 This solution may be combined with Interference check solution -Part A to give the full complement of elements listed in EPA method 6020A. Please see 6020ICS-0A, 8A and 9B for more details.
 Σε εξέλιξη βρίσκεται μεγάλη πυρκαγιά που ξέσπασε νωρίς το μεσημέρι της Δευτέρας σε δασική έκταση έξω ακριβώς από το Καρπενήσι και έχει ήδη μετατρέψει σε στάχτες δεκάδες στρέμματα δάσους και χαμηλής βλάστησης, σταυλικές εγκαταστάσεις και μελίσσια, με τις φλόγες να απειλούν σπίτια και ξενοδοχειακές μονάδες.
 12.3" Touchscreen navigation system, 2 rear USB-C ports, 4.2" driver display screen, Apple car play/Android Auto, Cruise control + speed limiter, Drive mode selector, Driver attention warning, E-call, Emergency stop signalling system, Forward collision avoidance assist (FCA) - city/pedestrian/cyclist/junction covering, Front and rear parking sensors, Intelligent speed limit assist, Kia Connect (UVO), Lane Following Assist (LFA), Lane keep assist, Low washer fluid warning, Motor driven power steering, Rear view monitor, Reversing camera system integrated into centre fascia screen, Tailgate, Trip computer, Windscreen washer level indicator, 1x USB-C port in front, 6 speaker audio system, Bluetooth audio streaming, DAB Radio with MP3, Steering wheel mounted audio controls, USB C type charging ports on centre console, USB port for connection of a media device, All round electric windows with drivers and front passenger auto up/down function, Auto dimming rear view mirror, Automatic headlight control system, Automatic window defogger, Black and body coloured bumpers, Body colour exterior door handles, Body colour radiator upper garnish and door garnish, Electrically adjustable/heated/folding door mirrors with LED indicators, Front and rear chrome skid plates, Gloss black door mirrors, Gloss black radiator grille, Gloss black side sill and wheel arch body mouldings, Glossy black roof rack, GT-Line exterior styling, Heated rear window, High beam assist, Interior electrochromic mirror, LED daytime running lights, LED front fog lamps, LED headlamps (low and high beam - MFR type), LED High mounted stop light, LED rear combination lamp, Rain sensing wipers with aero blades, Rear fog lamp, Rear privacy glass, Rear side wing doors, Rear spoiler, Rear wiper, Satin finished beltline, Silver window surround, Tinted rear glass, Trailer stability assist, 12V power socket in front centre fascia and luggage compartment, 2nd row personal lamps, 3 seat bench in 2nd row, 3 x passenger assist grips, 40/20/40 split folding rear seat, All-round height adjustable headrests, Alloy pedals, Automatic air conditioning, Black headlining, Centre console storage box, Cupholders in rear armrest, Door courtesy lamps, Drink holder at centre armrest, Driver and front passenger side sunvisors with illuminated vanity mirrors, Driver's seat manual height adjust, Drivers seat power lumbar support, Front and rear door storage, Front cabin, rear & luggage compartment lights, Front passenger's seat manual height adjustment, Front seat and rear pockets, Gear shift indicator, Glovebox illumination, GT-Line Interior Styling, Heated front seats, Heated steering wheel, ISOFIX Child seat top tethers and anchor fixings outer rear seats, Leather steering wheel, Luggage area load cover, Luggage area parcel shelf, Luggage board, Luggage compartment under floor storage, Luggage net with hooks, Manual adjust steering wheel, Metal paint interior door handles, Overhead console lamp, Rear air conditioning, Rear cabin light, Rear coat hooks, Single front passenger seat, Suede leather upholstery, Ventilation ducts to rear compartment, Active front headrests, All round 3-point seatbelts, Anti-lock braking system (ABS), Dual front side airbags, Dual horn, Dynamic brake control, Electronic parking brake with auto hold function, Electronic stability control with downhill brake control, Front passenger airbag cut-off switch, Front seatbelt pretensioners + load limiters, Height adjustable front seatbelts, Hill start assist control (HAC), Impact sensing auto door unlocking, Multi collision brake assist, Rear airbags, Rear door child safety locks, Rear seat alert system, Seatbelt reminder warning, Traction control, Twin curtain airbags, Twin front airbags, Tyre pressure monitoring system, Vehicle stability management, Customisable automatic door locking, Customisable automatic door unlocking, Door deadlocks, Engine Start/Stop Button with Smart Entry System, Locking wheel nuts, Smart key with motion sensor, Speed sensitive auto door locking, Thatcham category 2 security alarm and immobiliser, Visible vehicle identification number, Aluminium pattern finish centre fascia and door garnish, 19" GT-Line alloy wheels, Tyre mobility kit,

Work task >>
Each line above is to be set down again verbatim.

Answer space >>
 This solution may be combined with Interference check solution -Part A to give the full complement of elements listed in EPA method 6020A. Please see 6020ICS-0A, 8A and 9B for more details.
 Σε εξέλιξη βρίσκεται μεγάλη πυρκαγιά που ξέσπασε νωρίς το μεσημέρι της Δευτέρας σε δασική έκταση έξω ακριβώς από το Καρπενήσι και έχει ήδη μετατρέψει σε στάχτες δεκάδες στρέμματα δάσους και χαμηλής βλάστησης, σταυλικές εγκαταστάσεις και μελίσσια, με τις φλόγες να απειλούν σπίτια και ξενοδοχειακές μονάδες.
 12.3" Touchscreen navigation system, 2 rear USB-C ports, 4.2" driver display screen, Apple car play/Android Auto, Cruise control + speed limiter, Drive mode selector, Driver attention warning, E-call, Emergency stop signalling system, Forward collision avoidance assist (FCA) - city/pedestrian/cyclist/junction covering, Front and rear parking sensors, Intelligent speed limit assist, Kia Connect (UVO), Lane Following Assist (LFA), Lane keep assist, Low washer fluid warning, Motor driven power steering, Rear view monitor, Reversing camera system integrated into centre fascia screen, Tailgate, Trip computer, Windscreen washer level indicator, 1x USB-C port in front, 6 speaker audio system, Bluetooth audio streaming, DAB Radio with MP3, Steering wheel mounted audio controls, USB C type charging ports on centre console, USB port for connection of a media device, All round electric windows with drivers and front passenger auto up/down function, Auto dimming rear view mirror, Automatic headlight control system, Automatic window defogger, Black and body coloured bumpers, Body colour exterior door handles, Body colour radiator upper garnish and door garnish, Electrically adjustable/heated/folding door mirrors with LED indicators, Front and rear chrome skid plates, Gloss black door mirrors, Gloss black radiator grille, Gloss black side sill and wheel arch body mouldings, Glossy black roof rack, GT-Line exterior styling, Heated rear window, High beam assist, Interior electrochromic mirror, LED daytime running lights, LED front fog lamps, LED headlamps (low and high beam - MFR type), LED High mounted stop light, LED rear combination lamp, Rain sensing wipers with aero blades, Rear fog lamp, Rear privacy glass, Rear side wing doors, Rear spoiler, Rear wiper, Satin finished beltline, Silver window surround, Tinted rear glass, Trailer stability assist, 12V power socket in front centre fascia and luggage compartment, 2nd row personal lamps, 3 seat bench in 2nd row, 3 x passenger assist grips, 40/20/40 split folding rear seat, All-round height adjustable headrests, Alloy pedals, Automatic air conditioning, Black headlining, Centre console storage box, Cupholders in rear armrest, Door courtesy lamps, Drink holder at centre armrest, Driver and front passenger side sunvisors with illuminated vanity mirrors, Driver's seat manual height adjust, Drivers seat power lumbar support, Front and rear door storage, Front cabin, rear & luggage compartment lights, Front passenger's seat manual height adjustment, Front seat and rear pockets, Gear shift indicator, Glovebox illumination, GT-Line Interior Styling, Heated front seats, Heated steering wheel, ISOFIX Child seat top tethers and anchor fixings outer rear seats, Leather steering wheel, Luggage area load cover, Luggage area parcel shelf, Luggage board, Luggage compartment under floor storage, Luggage net with hooks, Manual adjust steering wheel, Metal paint interior door handles, Overhead console lamp, Rear air conditioning, Rear cabin light, Rear coat hooks, Single front passenger seat, Suede leather upholstery, Ventilation ducts to rear compartment, Active front headrests, All round 3-point seatbelts, Anti-lock braking system (ABS), Dual front side airbags, Dual horn, Dynamic brake control, Electronic parking brake with auto hold function, Electronic stability control with downhill brake control, Front passenger airbag cut-off switch, Front seatbelt pretensioners + load limiters, Height adjustable front seatbelts, Hill start assist control (HAC), Impact sensing auto door unlocking, Multi collision brake assist, Rear airbags, Rear door child safety locks, Rear seat alert system, Seatbelt reminder warning, Traction control, Twin curtain airbags, Twin front airbags, Tyre pressure monitoring system, Vehicle stability management, Customisable automatic door locking, Customisable automatic door unlocking, Door deadlocks, Engine Start/Stop Button with Smart Entry System, Locking wheel nuts, Smart key with motion sensor, Speed sensitive auto door locking, Thatcham category 2 security alarm and immobiliser, Visible vehicle identification number, Aluminium pattern finish centre fascia and door garnish, 19" GT-Line alloy wheels, Tyre mobility kit,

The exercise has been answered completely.